### Work instruction
Take the line containing "男性向けラノベタイトル風あだ名 | 『サーファーという概念が存在しない退屈な世界 』 |" through the last line of the data and retype those lines exactly. Pictures do not belong in the copy.

### Input data

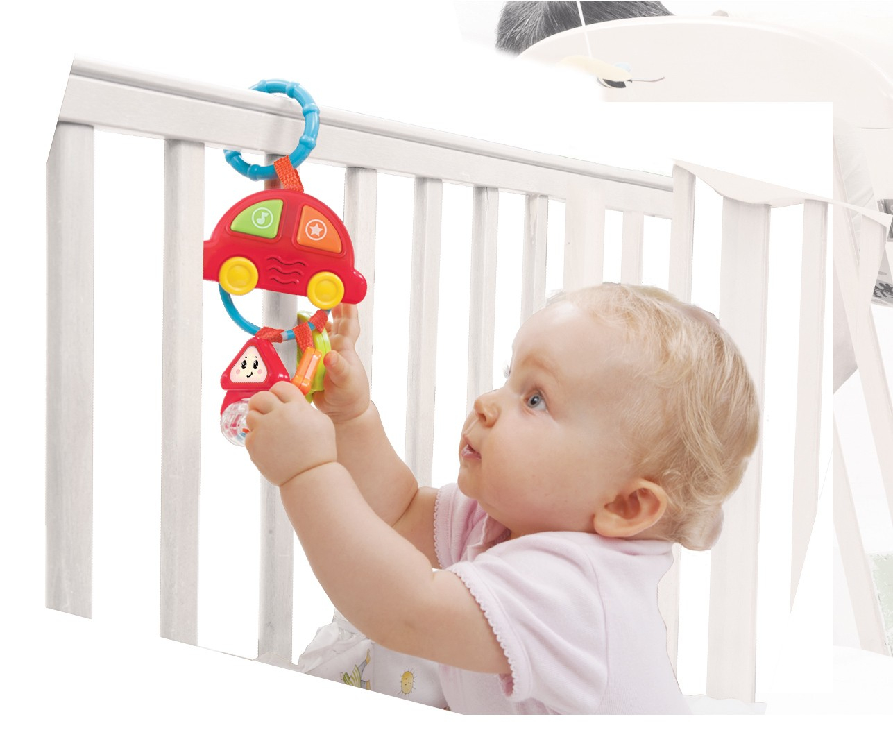 Zornaitoare masinuta muzicala cu 3 chei, special conceputa pentru a stimula simturile bebelusilor si a le oferi ore intregi de distractie. Aceasta jucarie inovatoare este realizata din materiale de inalta calitate si este sigura pentru utilizarea de catre cei mici. Masinuta muzicala include un inel usor de atasat la carucior, patut sau scaun auto, facand-o ideala pentru calatorii si plimbari. Inelul muzical pentru chei de masina vine cu 3 chei de activitati diferite: Cheie cu stea rotativa, care se invarte usor, captand atentia bebelusului. Cheie texturata, care ofera o experienta tactila variata, ajutand la dezvoltarea simtului tactil. Cheie cu margele rotative, care emite sunete placute atunci cand este agitata, stimuland auzul si coordonarea mana-ochi. Melodiile distractive si efectele sonore sunt activate usor, incurajand bebelusii sa exploreze si sa invete prin joaca. Zornaitoarea are butoane mari si usor de apasat, perfecte pentru mainile mici ale bebelusilor. Recomandata pentru copiii cu varsta de cel putin 3 luni.
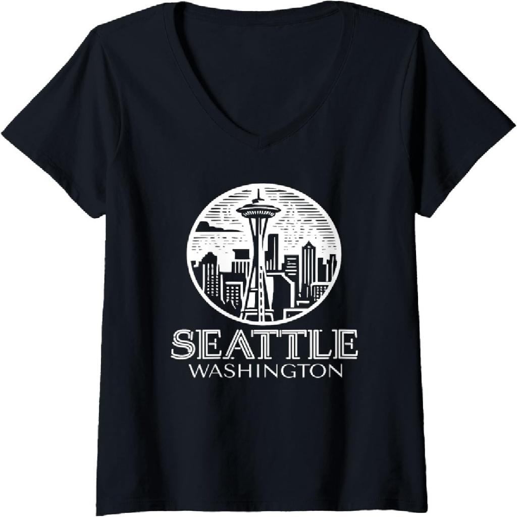 Womens Iconic Seattle Skyline Washington State V-Neck T-Shirt
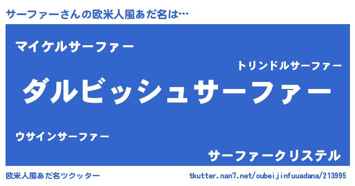 | 男性向けラノベタイトル風あだ名 | 『サーファーという概念が存在しない退屈な世界 』 |
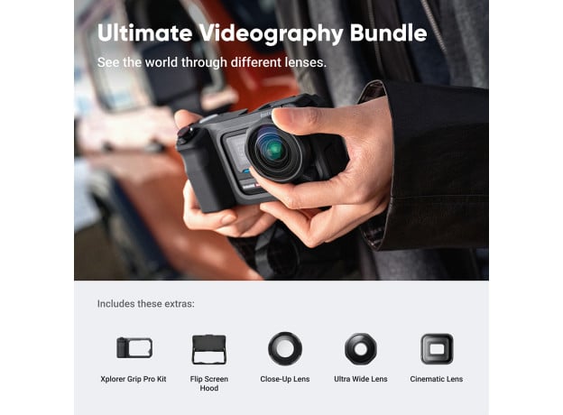 Bộ sản phẩm quay phim Insta360 Ace Pro 2 Ultimate Videography Bundle bao gồm đầy đủ ba ống kính, đáp ứng mọi nhu cầu chụp ảnh đường phố, chân dung, phong cảnh và macro. Được thiết kế dành cho những người sáng tạo đa năng.
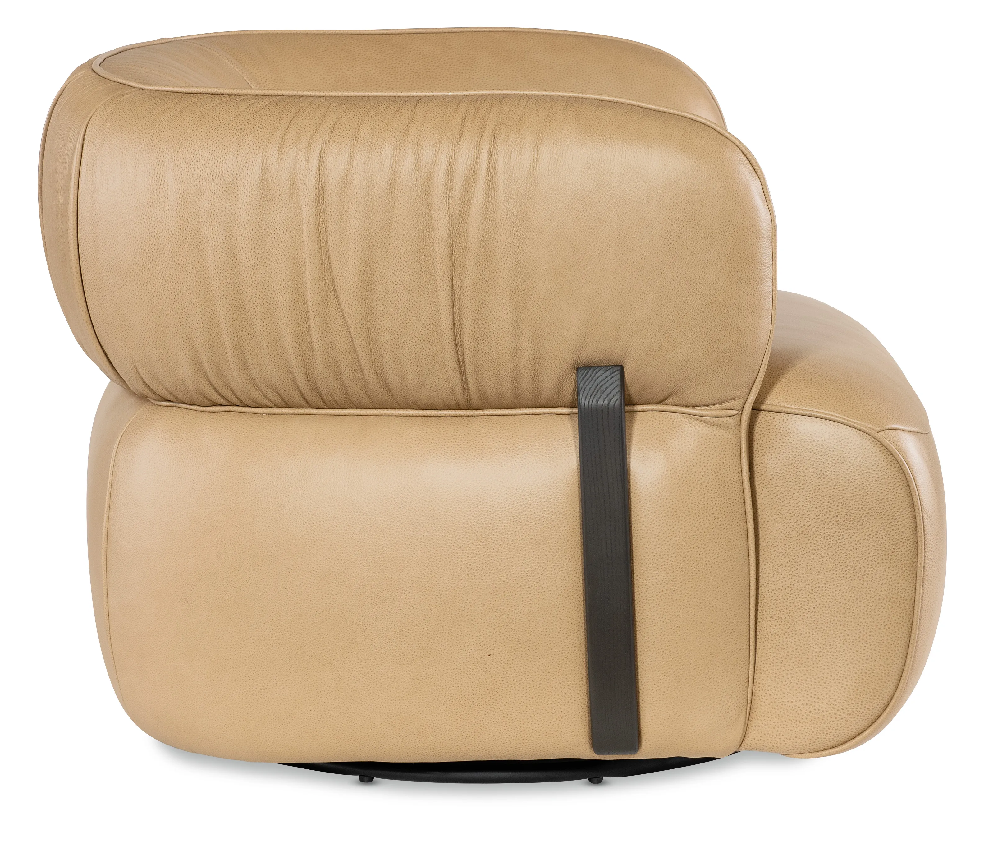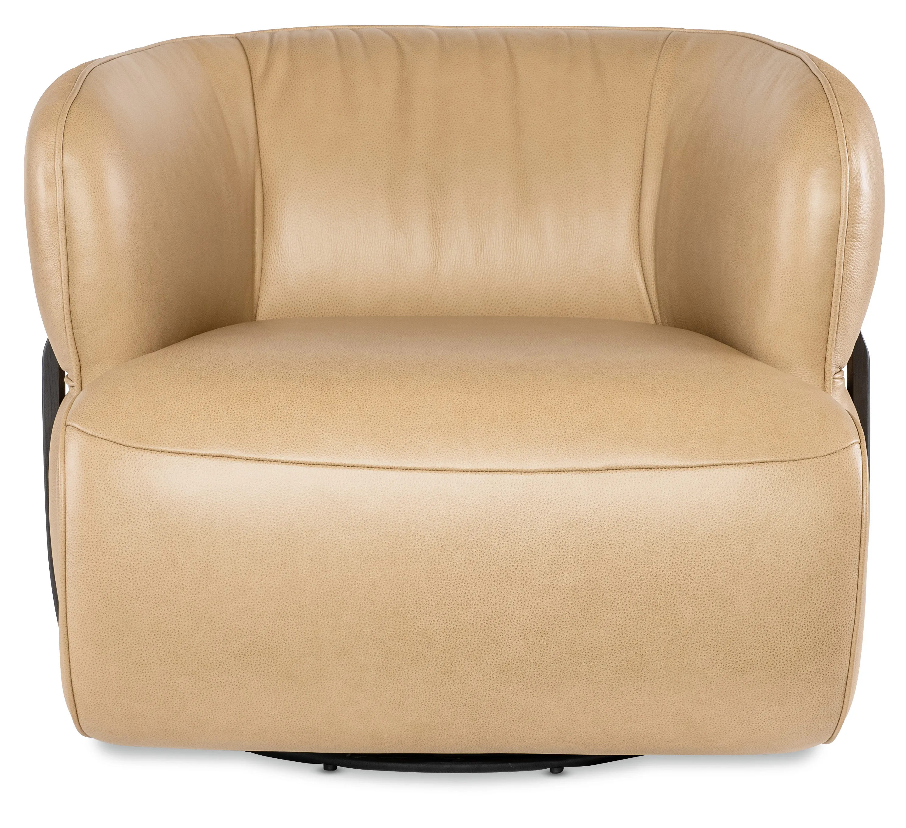 The McGuire Swivel Chair combines modern transitional style with functionality. Upholstered in premium semi-aniline leather, the chair features a barrel design, memory swivel function, and dark walnut accents. Ideal for living rooms, it offers both luxury and practicality with a comfortable foam core and sleek design.

### Response to this task
 | 男性向けラノベタイトル風あだ名 | 『サーファーという概念が存在しない退屈な世界 』 |
 Bộ sản phẩm quay phim Insta360 Ace Pro 2 Ultimate Videography Bundle bao gồm đầy đủ ba ống kính, đáp ứng mọi nhu cầu chụp ảnh đường phố, chân dung, phong cảnh và macro. Được thiết kế dành cho những người sáng tạo đa năng.
 The McGuire Swivel Chair combines modern transitional style with functionality. Upholstered in premium semi-aniline leather, the chair features a barrel design, memory swivel function, and dark walnut accents. Ideal for living rooms, it offers both luxury and practicality with a comfortable foam core and sleek design.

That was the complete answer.